13. At the hearing before us, the learned advocate for the Revenue contended that the assessee should be held to be an employee of the Board.

14. He reiterated the contentions of the Revenue before the Appellate Assistant Commissioner and relied on the findings of the Appellate Assistant Commissioner. Learned advocate for the Revenue submitted further that if the assessee was not a employee of the Board, he could not have applied to the Government of India for tax exemption under Section 10 of the Income-tax Act, 1961. Such application was made on the basis that he was an employee under a local authority, namely, the West Bengal State Electricity Board and further that he was being paid remuneration as an employee by way of salary. Approval of the Government of India under Section 10 indicated that the assessee was an employee of the Board. He submitted further that the Board had accepted the assessee as its employee and had furnished a salary certificate. The assessee had filed his income-tax return personally. In support of his contentions, learned advocate for the Revenue cited the following decisions :

(a) Tokyo Shibaura Electric Co. Ltd. v. CIT [1964] 52 ITR 283 (Mys). In this case, a non-resident company had granted a licence to the resident company for manufacture of certain articles and had also agreed to render certain services to the resident company. In consideration of the same, the resident company agreed to pay to the non-resident royalty at the rate of 3% of the net sale proceeds of articles manufactured and sold by the company. It was agreed that all payments to be made would be without deduction of taxes and other charges assessed in India which should be assumed by the resident company.

On these facts, it was held by the Mysore High Court on a reference that the real income by way of royalty received by the non-resident company under the agreement would be the amount, which if the tax thereon had been deducted, left a royalty at 3 per cent. of the proceeds. Such income was not net royalty plus the tax.

(b) Satyanarayan Rungta v. CIT . In this case, it was held by a Division Bench of this court that where an employee received salary from his employer tax free, the income-tax authorities would be justified in grossing up the salary. It was held further that no credit for tax could be given to the assessee for the difference between salary income taken for the purposes of assessment and net tax free salary received by the assessee from his employer.

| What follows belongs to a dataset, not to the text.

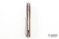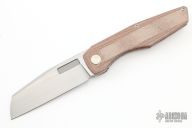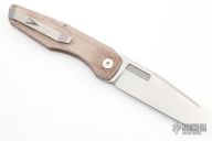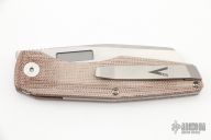 This Axon Third Run Folder by Vero Engineering features a hand rub satin finished blade with notched thumbrest and thumbhole. The handle has natural canvas micarta scales with inlaid liner, tip up titanium clip with hidden screws, titanium backspacer. Rides on bearings, nice detent, lockup and blade seating. Comes with zippered case and COA #1530. Excellent condition.

(c) Frank Beaton v. CIT [1985] 156 ITR 16 (Delhi). In this case, the assessee, a non-resident, was the area manager in Delhi of an Australian Airways company wholly owned by the Government of Australia. The terms of the employment of the assessee were, inter alia, that payment of any local Indian income-tax on the salary and allowances would be the responsibility of the company. In assessing the salary of the assessee to income-tax, the Income-tax Officer computed the salary and perquisites after grossing up. Tax on the said grossed up salary was demanded and paid. Revision petitions filed before the Commissioner were dismissed and the computation of the Income-tax Officer was upheld. On a writ petition filed before the Delhi High Court, it was held that the computation of the Income-tax Officer was wrong. On an interpretation of the agreement it was held that it had to be determined what was the taxable salary of the assessee if the same was not tax free. On this amount so determined, tax had to be calculated and only this amount of tax the company, as the employer, had to pay. Any additional tax levied as a result of the addition of the tax payable by the company had to be paid by the assessee as there was no agreement that the company would pay a tax on tax. It was directed that after adjusting the tax payable on the full amount of the salary of the assessee, the additional amounts paid by the company should be refundable.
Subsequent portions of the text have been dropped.